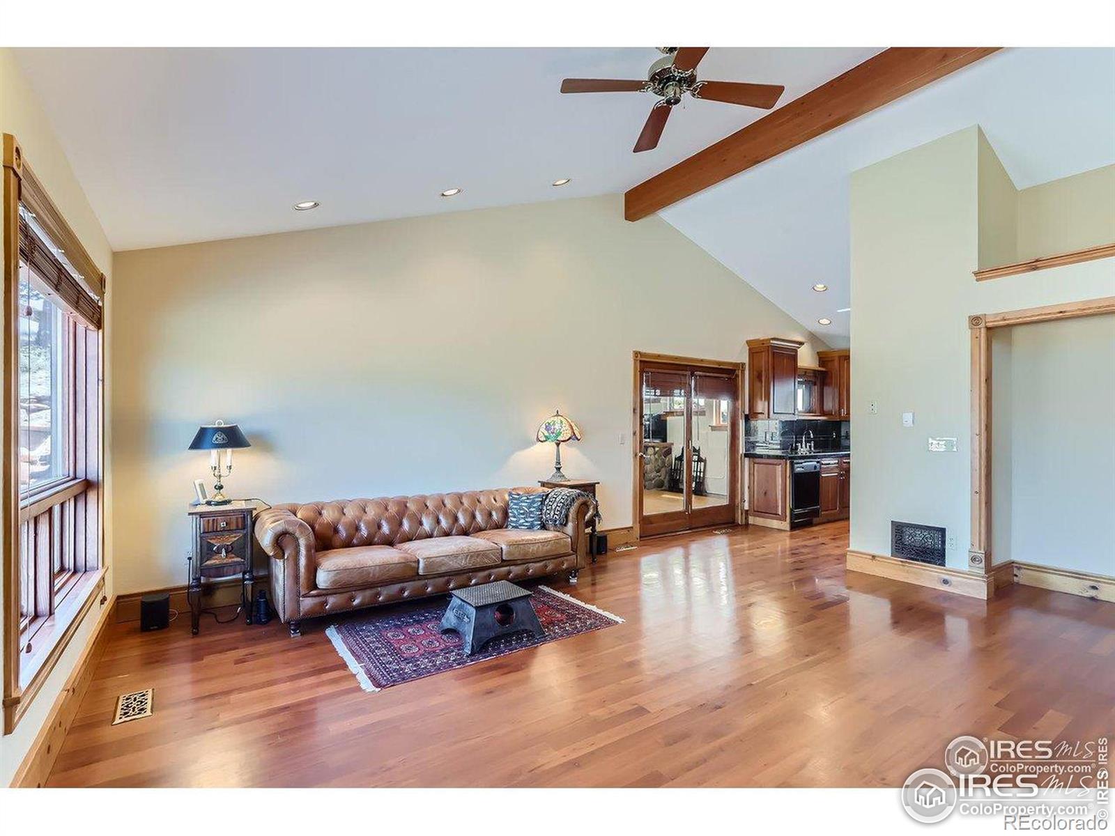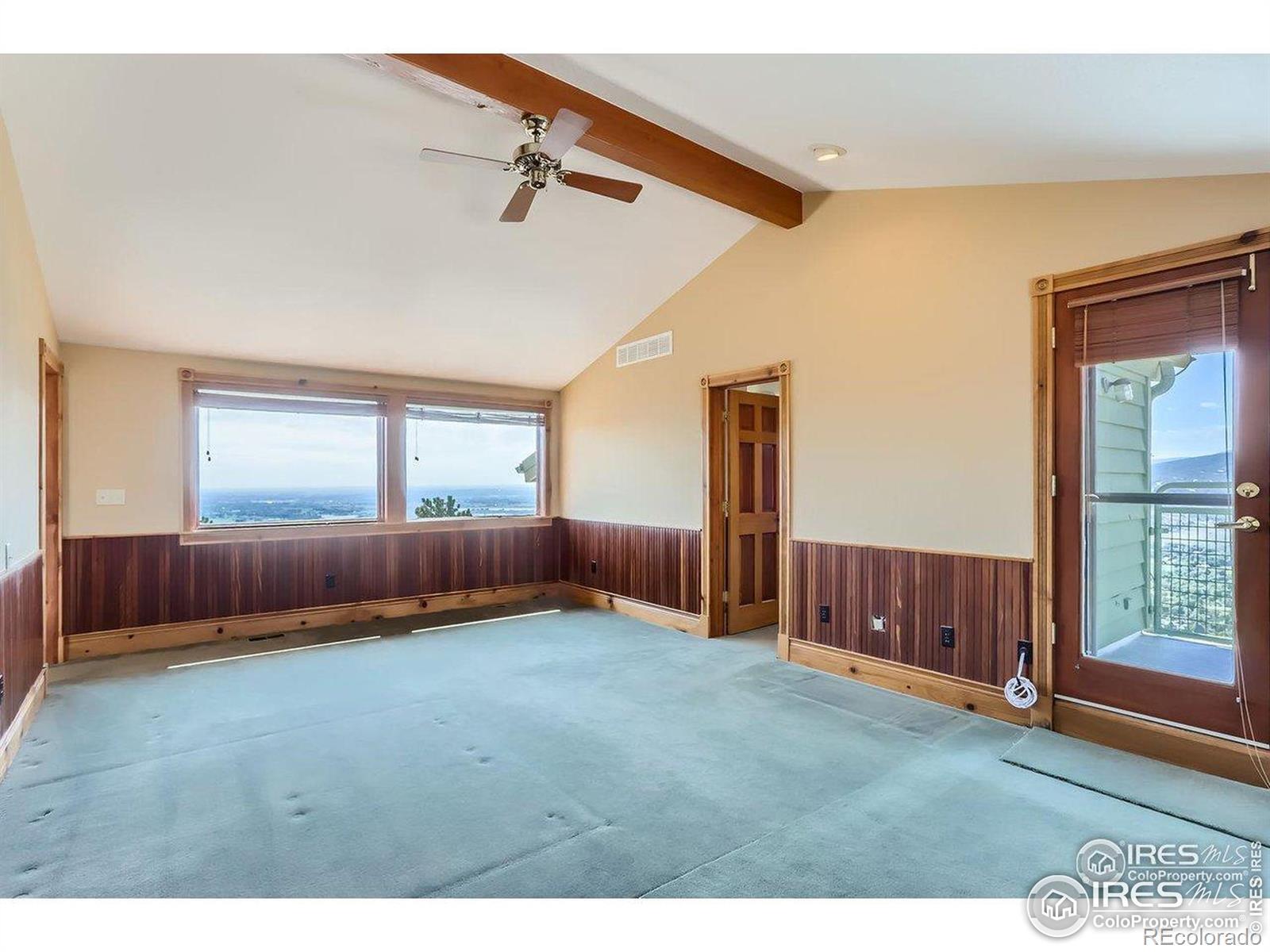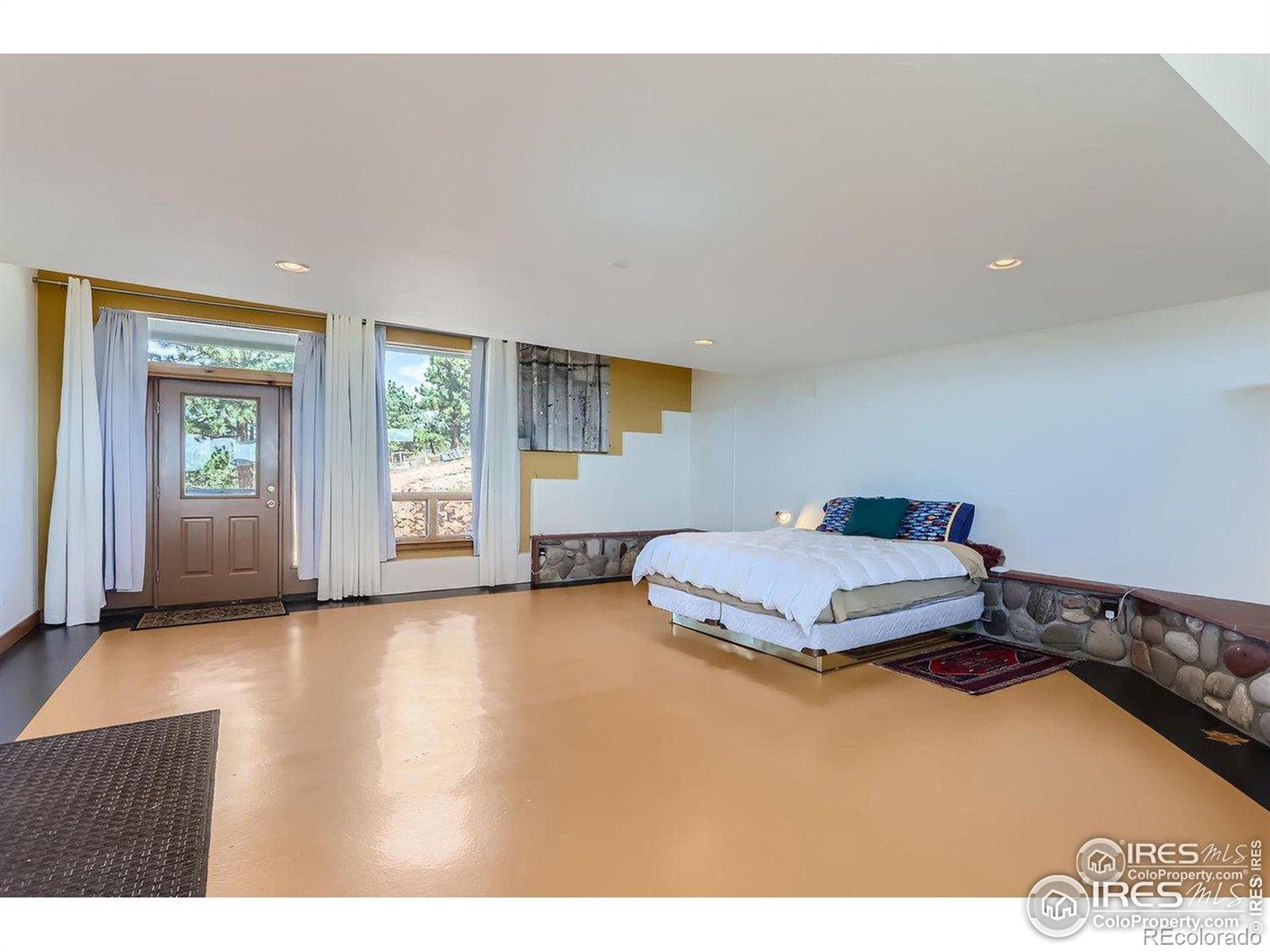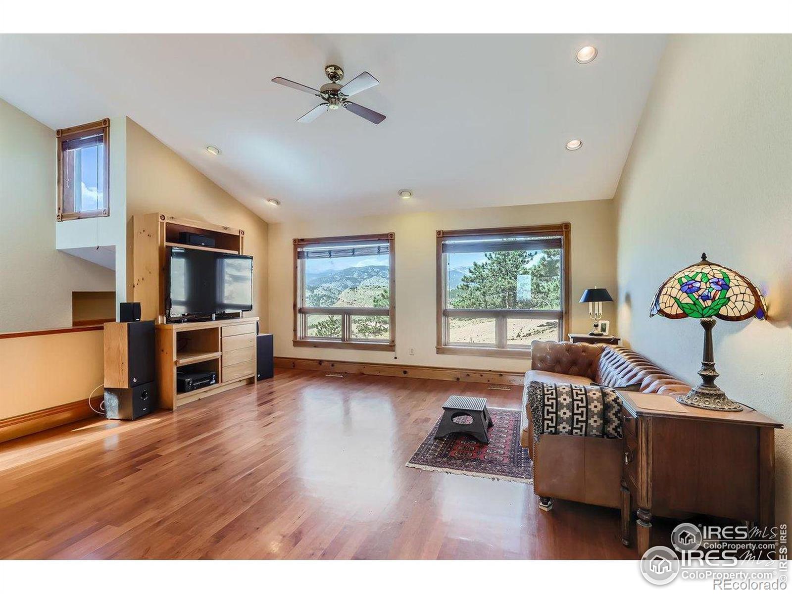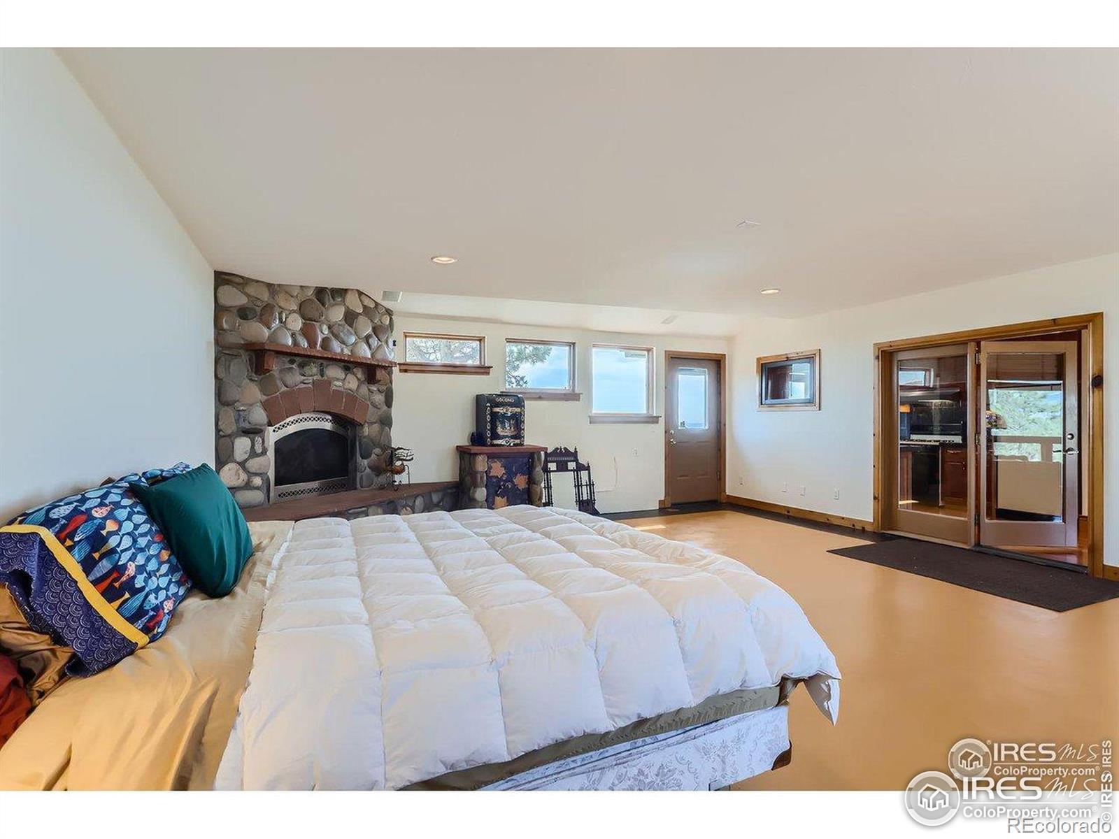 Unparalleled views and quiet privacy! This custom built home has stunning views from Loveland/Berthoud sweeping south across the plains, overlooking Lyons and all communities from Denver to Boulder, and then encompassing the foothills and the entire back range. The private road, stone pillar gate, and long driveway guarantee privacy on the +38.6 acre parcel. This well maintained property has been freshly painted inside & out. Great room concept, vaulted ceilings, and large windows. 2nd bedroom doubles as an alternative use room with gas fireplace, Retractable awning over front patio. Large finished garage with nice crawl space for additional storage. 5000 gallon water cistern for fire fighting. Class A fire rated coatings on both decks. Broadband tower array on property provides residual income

═══

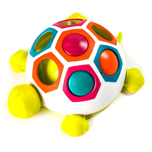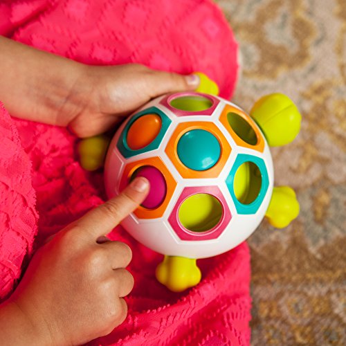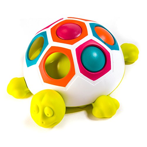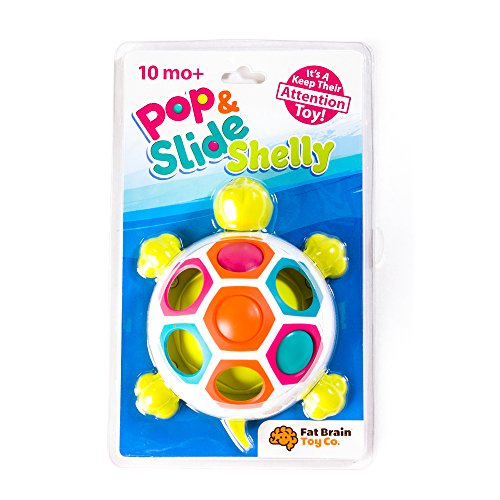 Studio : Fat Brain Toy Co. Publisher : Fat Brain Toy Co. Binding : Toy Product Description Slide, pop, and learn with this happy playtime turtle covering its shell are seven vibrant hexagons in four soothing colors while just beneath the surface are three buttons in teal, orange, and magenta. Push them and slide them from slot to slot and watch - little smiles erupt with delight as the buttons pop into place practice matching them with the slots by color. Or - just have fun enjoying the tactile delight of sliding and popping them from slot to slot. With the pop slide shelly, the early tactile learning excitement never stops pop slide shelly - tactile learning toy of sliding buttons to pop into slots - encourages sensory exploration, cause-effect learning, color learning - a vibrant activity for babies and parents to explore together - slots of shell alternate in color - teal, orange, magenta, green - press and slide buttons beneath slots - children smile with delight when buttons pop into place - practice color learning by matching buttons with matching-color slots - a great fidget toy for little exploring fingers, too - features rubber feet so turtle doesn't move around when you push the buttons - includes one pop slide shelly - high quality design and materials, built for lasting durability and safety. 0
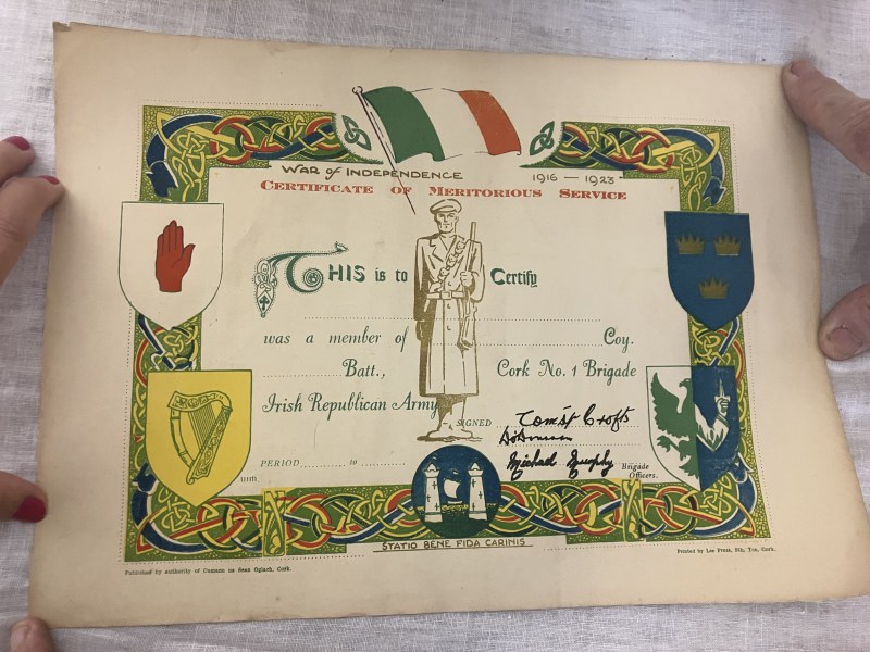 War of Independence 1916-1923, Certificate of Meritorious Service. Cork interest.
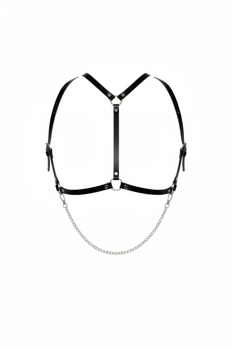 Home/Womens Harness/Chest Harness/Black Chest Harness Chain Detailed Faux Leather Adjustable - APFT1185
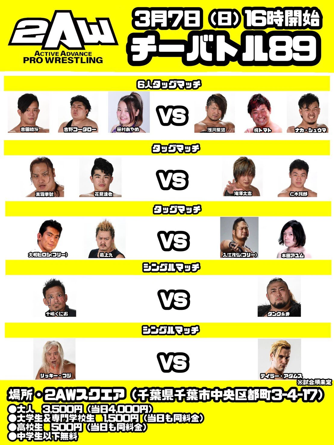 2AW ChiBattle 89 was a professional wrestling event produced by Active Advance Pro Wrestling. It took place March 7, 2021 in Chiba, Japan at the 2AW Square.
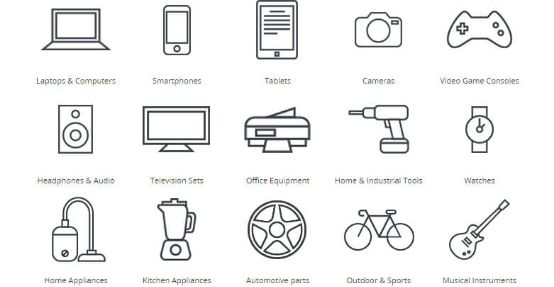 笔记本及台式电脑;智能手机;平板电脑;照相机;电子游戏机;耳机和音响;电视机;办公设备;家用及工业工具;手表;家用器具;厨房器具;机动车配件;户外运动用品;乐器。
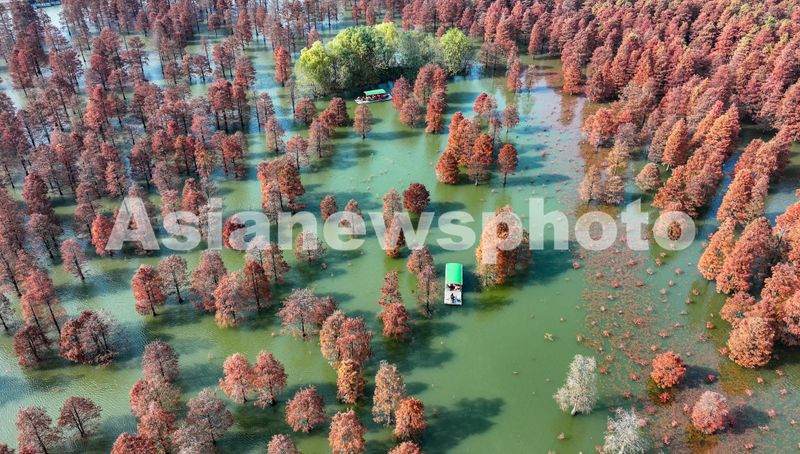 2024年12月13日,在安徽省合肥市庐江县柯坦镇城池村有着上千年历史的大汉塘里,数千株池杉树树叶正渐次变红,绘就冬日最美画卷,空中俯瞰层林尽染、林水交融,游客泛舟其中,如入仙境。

═══

**Work to complete**:
When you reach the line holding "War of Independence" in the listing above, begin retyping exactly, and stop once the line holding "2024年12月13日,在安" is done; pictures stay out.

**Written response**:
 War of Independence 1916-1923, Certificate of Meritorious Service. Cork interest.
 Home/Womens Harness/Chest Harness/Black Chest Harness Chain Detailed Faux Leather Adjustable - APFT1185
 2AW ChiBattle 89 was a professional wrestling event produced by Active Advance Pro Wrestling. It took place March 7, 2021 in Chiba, Japan at the 2AW Square.
 笔记本及台式电脑;智能手机;平板电脑;照相机;电子游戏机;耳机和音响;电视机;办公设备;家用及工业工具;手表;家用器具;厨房器具;机动车配件;户外运动用品;乐器。
 2024年12月13日,在安徽省合肥市庐江县柯坦镇城池村有着上千年历史的大汉塘里,数千株池杉树树叶正渐次变红,绘就冬日最美画卷,空中俯瞰层林尽染、林水交融,游客泛舟其中,如入仙境。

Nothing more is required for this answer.